Democratic candidates Rev. Raphael Warnock and Jon Ossoff clinched victories in Georgia’s Tuesday runoff senate races, according to the Associated Press, giving Democrats control of both chambers of Congress as president-elect Joe Biden enters office.
The final results of the runoff election came amid chaos in Washington, D.C., as a violent, pro-President Trump mob stormed the U.S. Capitol in an attempt to dispute the results of the presidential election. Several lawmakers, sheltering in the Capitol, described the actions as a coup attempt.
The outcome of the election in Georgia determines the extent to which Congress can support the policy priorities of president-elect Joe Biden in the first two years of his administration. On clean energy and climate change, Biden’s pledge to work towards 100 percent clean electricity nationwide by 2035 and invest $2 trillion on the energy transition will still be challenging to accomplish, as Democrats do not have a filibuster-proof majority.
But Tuesday’s results open the door for more ambitious action from Congress, including possible incentives for renewables and legislation on energy infrastructure.
Warnock and Ossoff’s wins leave both Democrats and Republicans with 50 seats in the Senate, with vice president Kamala Harris able to break ties. Avoiding a filibuster in the Senate, which allows the minority party to block moving forward on legislation, requires 60 votes.
It is possible that the Senate could eliminate or weaken the filibuster, which would make it easier to pass more ambitious legislation on issues including climate (and COVID-19 relief). But lawmakers may not have the appetite to do that.
Sen. Joe Manchin of West Virginia, a Democrat who will now chair the Senate Energy and Natural Resources Committee, has said he does not favor eliminating the filibuster. Manchin, who favors “all-of-the-above” energy policy, also voted “no” on the Green New Deal.
Congress could also consider climate and clean energy action through the budget reconciliation process, which allows for a majority-only passage of spending-related measures — which could include provisions such as a green bank or the renewable tax credits Congress recently extended.

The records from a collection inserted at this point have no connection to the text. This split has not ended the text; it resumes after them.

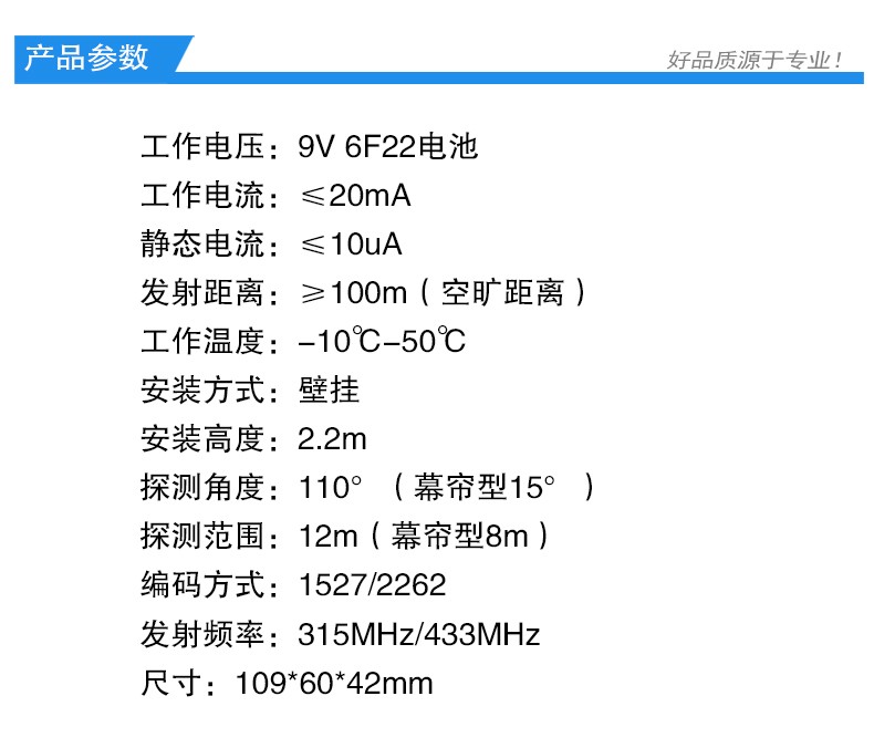 最遠探測距離 12 米;探測角度水平 110°,垂直15°
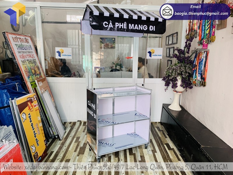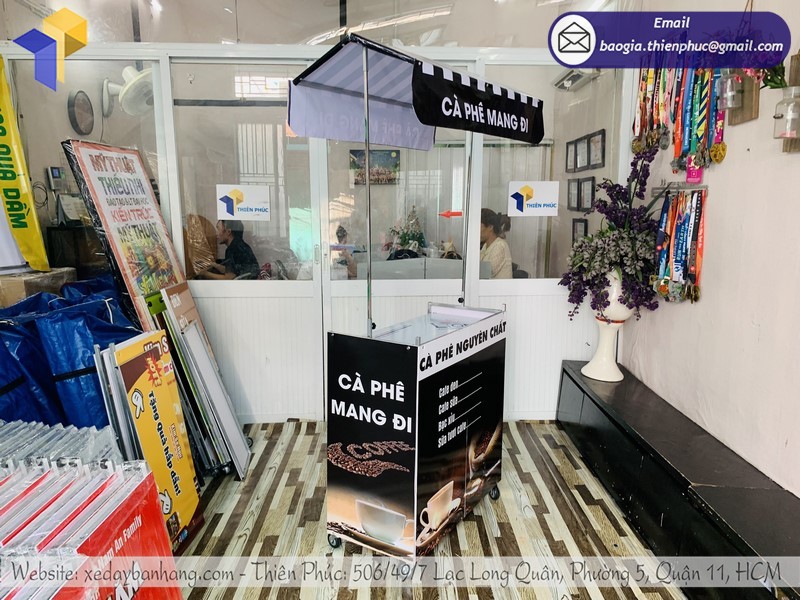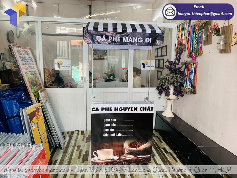 Thiên Phúc là một trong những địa chỉ chuyên sản xuất và phân phối xe bán cà phê tiện lợi, uy tín nhất định bạn không thể bỏ qua. Với hơn 10 năm kinh nghiệm trong lĩnh vực gia công xe đẩy bán hàng. Ở tất cả các lĩnh vực như xe bán trà sữa; xe bán sinh tố; xe bán trái cây; hoặc thậm chí các sản phẩm, cửa hàng thực phẩm, thức ăn và thức uống. Kể cả là các xe bán cà phê mang đi hay xe bán cà phê xếp gọn giá rẻ. Các sản phẩm gia công phân phối tại Thiên Phúc luôn được người tiêu dùng đánh giá cao: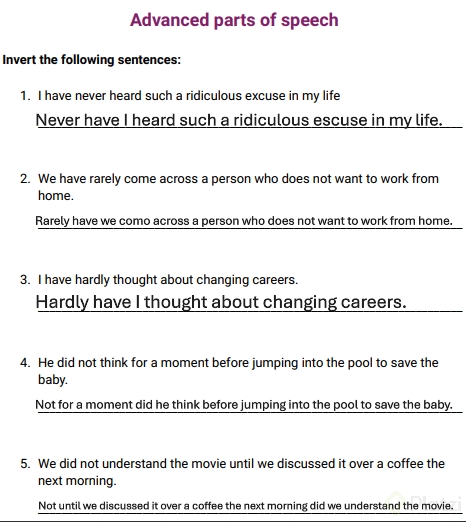 - Practice by rewriting standard sentences with negative adverbs or not expressions at the front.
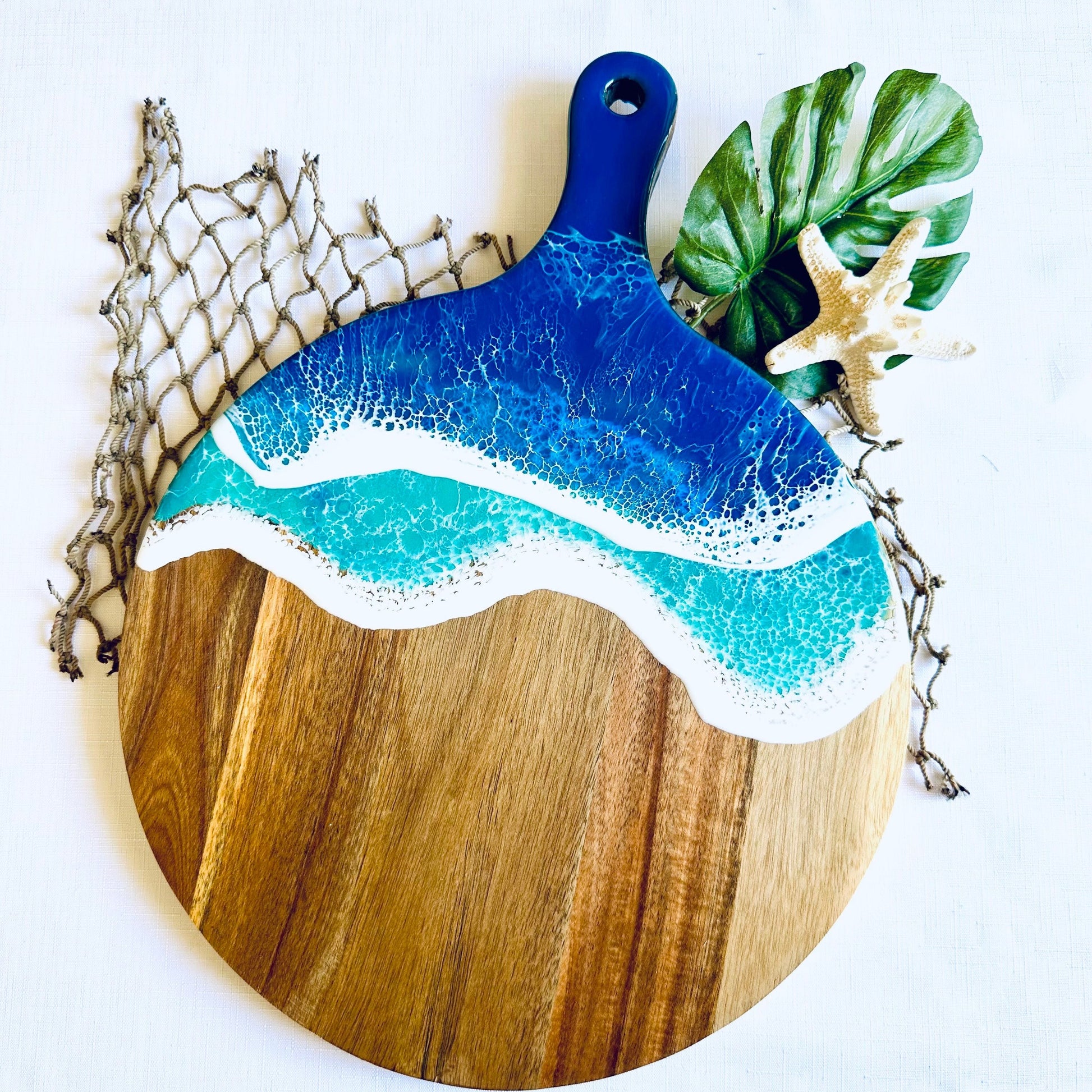Bring coastal charm to your kitchen with this stunning round wooden cutting board, featuring a beautifully crafted epoxy resin ocean wave.

A clean energy standard could also fit into that framework, according to Dr. Leah Stokes, an assistant professor of political science at the University of California, Santa Barbara.
“An ambitious [clean electricity standard] is very much doable with Democratic control of the Senate, and it must be a priority,” Stokes said in an email. “Biden ran and won on this agenda. There is a clear mandate for Congress to act on a 100 percent clean electricity standard by 2035.”
With a majority, Democrats will be able to more easily confirm Biden picks for his cabinet, the Federal Energy Regulatory Commission — which could shift to Democratic control this summer as Commissioner Neil Chatterjee’s term ends — and courts, where Republican states may challenge new environmental regulations.
Current Senate majority leader Mitch McConnell holds significant power in determining what policies get consideration by the full Senate, evidenced most recently by the leaders’ unwillingness to call a vote on providing some in the U.S. with $2,000 stimulus checks. With Democratic leader Sen. Chuck Schumer soon assuming that position, bipartisan policy including support for clean energy may get more traction.
Both Warnock, a pastor at Ebenezer Baptist Church in Atlanta, and Ossoff, a media executive, support certain actions on climate change that Biden has promised, including rejoining the Paris climate agreement and undoing the environmental regulation rollbacks of the Trump administration.
Outside of congressional action, Biden has already promised to rely in part on executive authority to pursue climate and clean energy policies. Without help from Congress, Biden’s administration can streamline permitting for renewables on federal land and waters, draw on $40 billion in loan guarantees available through the Department of Energy, enact new regulations under the Clean Air Act and require companies to disclose more details about financial risks related to climate change, among other possible tools.
The president-elect may also rely on deficit spending for energy and climate programs, in lieu of undoing tax cuts passed during Trump’s presidency, which would require congressional support.